There are (expt 16 6) elements in the result, each taking 8 bytes, and because of the sequence of operations, the memory in the bodies of the result and all intermediate arrays is

> (inexact (* (expt 16 6) 8 16/15))
143165576.53333333

bytes, so the memory overhead for the right-to-left version is minimal while the memory overhead for the left-to-right version is a factor of

> (/ 5872915072 143165576.53333333)
41.02183789014816

I'm still thinking about how to automatically broadcast generalized (non-strict) array arguments. At the moment I think that copying a generalized array argument to a specialized (strict) array before broadcasting in a nontrivial way (meaning that the broadcast domain is not the same as the argument domain) is the "right thing" to do.

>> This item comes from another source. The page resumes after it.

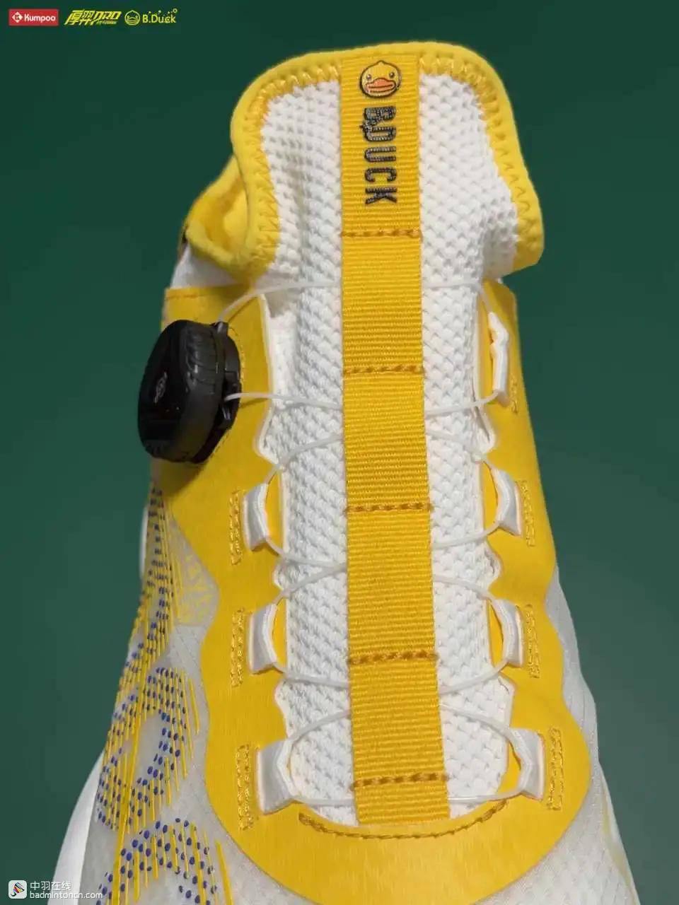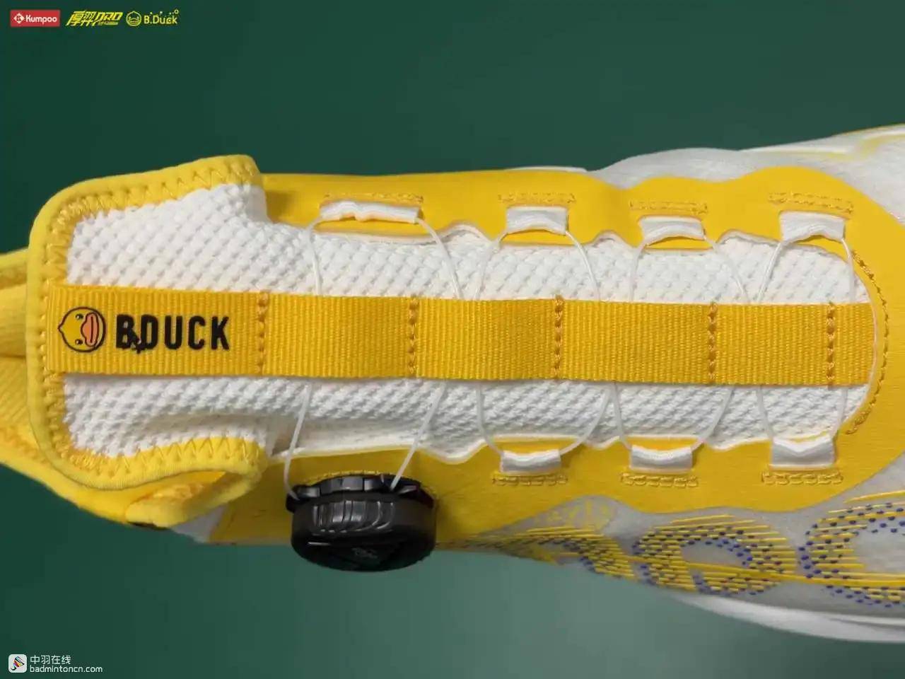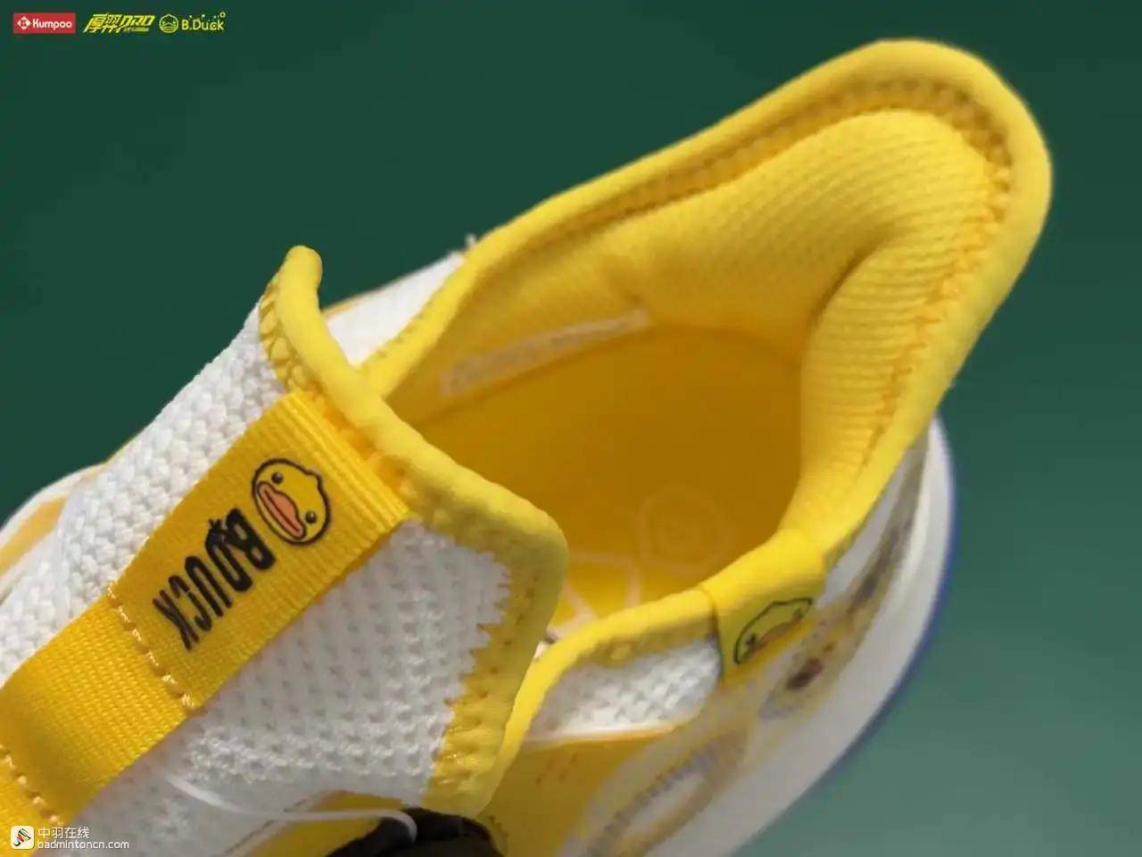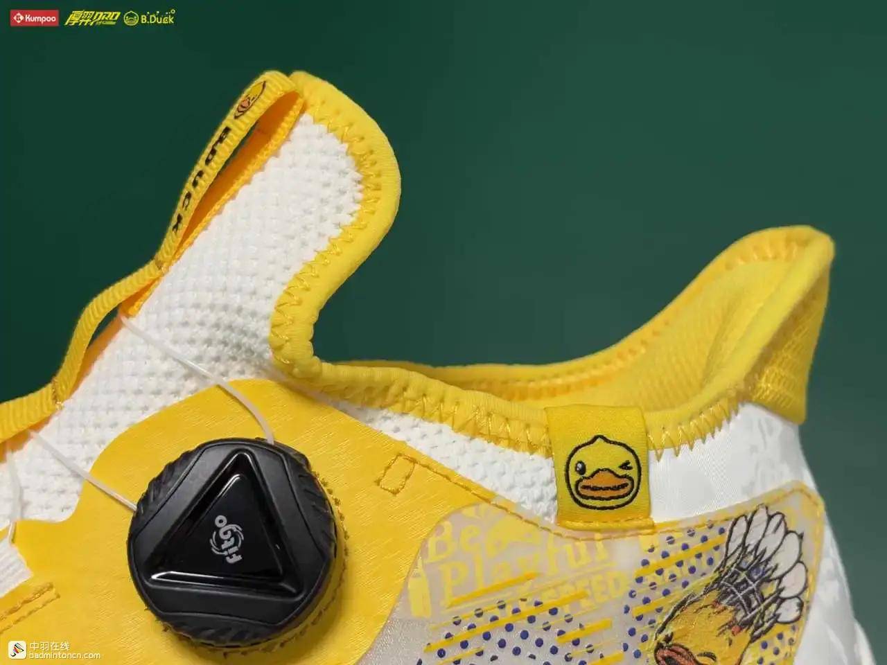 厚羿PRO 小黄鸭的鞋舌整体采用白色,中间一道黄色的织带连接上下,顶部的小黄鸭LOGO和“B. DUCK”黑色字样再次点明主题。
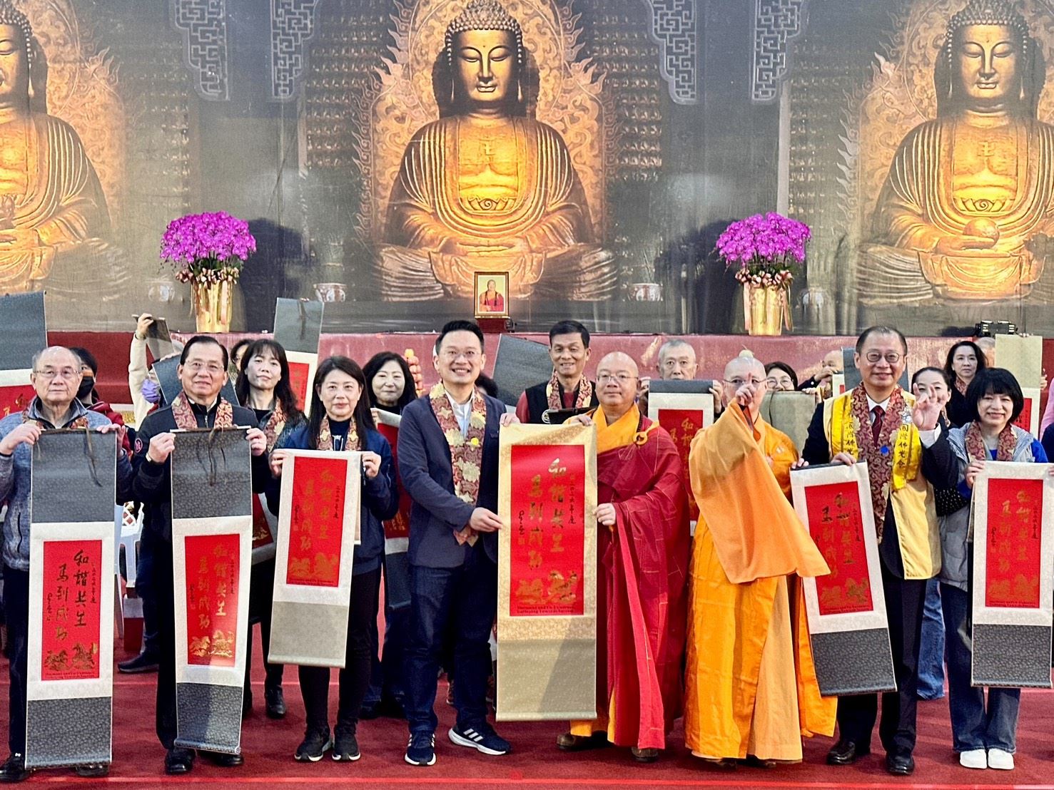 今日出席貴賓包括立法委員萬美玲、魯明哲,桃園市議員林政賢、陳美梅、黃婉如、張碩芳、楊朝偉,社會局長陳寶民、民政局副局長藍品畯,前桃園縣長吳志揚伉儷、桃園信用合作社理事主席蘇家明,以及桃園區長許敏松、中壢區長李日強、蘆竹區長李岳壇、平鎮區長蕭巧如、八德區長蔡豊展、龜山區長張嘉平、大園區長余誌松等人,並與佛光山宗長心保和尚、佛光山桃園講堂住持覺元法師等共同與會。

I am wondering whether this approach would be faster?

((A * B)* (C * D)) *( (E * F) * (G * H) )

The idea being to keep intermediary results as small as possible.

Apropos - I can't remember in which order racket/math multiplies matrices.
Maybe there is room for improvement.

Algorithmically, the final result has as entries all products of entries from each of the arrays, so re-associating the products cannot reduce the numbers of operations as it may with matrix multiplication.

The way the SRFI 231 code is written, the overhead consists of building a generalized array for each entry in the left-hand side of each product, so to minimize that overhead the size of the left-hand matrices should be minimized, i.e., one should associate from the right.

Interestingly, the same code also computes the tensor Kronecker product of any order, which is defined in Definition 2.13 of "Kronecker Product of Tensors and Hypergraphs: Structure and Dynamics", found here:

https://arxiv.org/pdf/2305.03875

https://epubs.siam.org/doi/full/10.1137/23M1592547

I think it's a good example use of array-block!.